恵まれない生い立ちから恋愛詐欺師となった蓮は、恵まれすぎている男たちの金を巻き上げることに、なんの罪悪感もなかった。次のカモにと狙ったのは、総合病院の長男である医者の加賀谷。呆気なく騙され蓮に夢中になる加賀谷を、内心馬鹿にしていた。なのに──生真面目で真摯な愛情、穏やかな逢瀬。加賀谷と過ごす優しい時間に、知ることのなかった感情が湧き起こるが……。
立ち読み
自分は、加賀谷を、好きなのだ。
  曖昧で形のない気持ちに、身体は素直に反応する。
  同時に切ない、泣きたい気持ちになる。別れようと決めた相手から、これ以上の快楽を教えられたくない。蓮は口内のものにますます熱心に舌を絡ませた。このまま加賀谷が達してくれたら、身体をつなげなくてもいいかもしれない。
  けれど企みは上手くいかなかった。
  あと少しというとき、強引に体勢を入れ替えられた。
  足を大きく開かされて、背後に猛ったものをあてがわれる。指よりもずっと太くて熱い塊が狭い入り口を圧迫して、押し広げながら進んでくる。
「……っん、あ、あぁ……」
  さんざん解され、柔らかく熱を含んだ場所に奥まで挿入されていく。
  ひどく苦しいのに、加賀谷とつながっているという興奮だけで達してしまいそうになる。じっと馴染ませている間も、浅く呼吸をするだけで受け入れている場所が疼いた。

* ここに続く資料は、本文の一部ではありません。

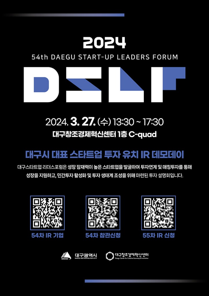 대구광역시는 지역의 대표적인 투자설명회로 자리 잡은 대구스타트업 리더스포럼을 3월 27일(수) 오후 1시 30분 대구창조경제혁신센터에서 개최한다. 변화된 지역 창업환경에 맞춰 에인절 투자뿐만 아니라 민간투자 전체를 아우르는 모습으로 운영된다.

  皮膚一枚下で、一刻も早く放出してしまいたい熱が渦を巻いている。
  じりじりと燻るような熱に煽られて、呼吸も苦しいほどだ。
「……痛いですか?」
  うっすら目を開けると、心配そうな加賀谷と目が合った。
  痛くない。でも苦しい。気持ちよすぎて、苦しい。好きすぎて、苦しい。なのに一緒にはいられないことが、苦しい。苦しくて、苦しくて、心の底から自分のしたことを後悔した。何度でも謝る。謝るから、今すぐ時間を巻き戻してほしい。加賀谷と初めて言葉を交わした最初の夜に巻き戻してほしい。そうして、なにもかもやり直したい。
「……好きだ」
  加賀谷の首に両腕を巻きつけ、息だけでささやいた。
  好き──こんな簡単な二文字なのに、人に対して使うのは初めての言葉だ。
「君の百倍、僕は君が好きだ」  
  快楽をこらえているせいか、加賀谷は怒ったような顔をしている。その表情を、いいなと思った。大して格好よくもないこの顔が好きだ。加賀谷だから好きだ。
  腰を抱え込まれ、じくじくと蕩けている内側を大きく穿たれる。
  甘い悲鳴が漏れる。頭が変になりそうなほど気持ちいい。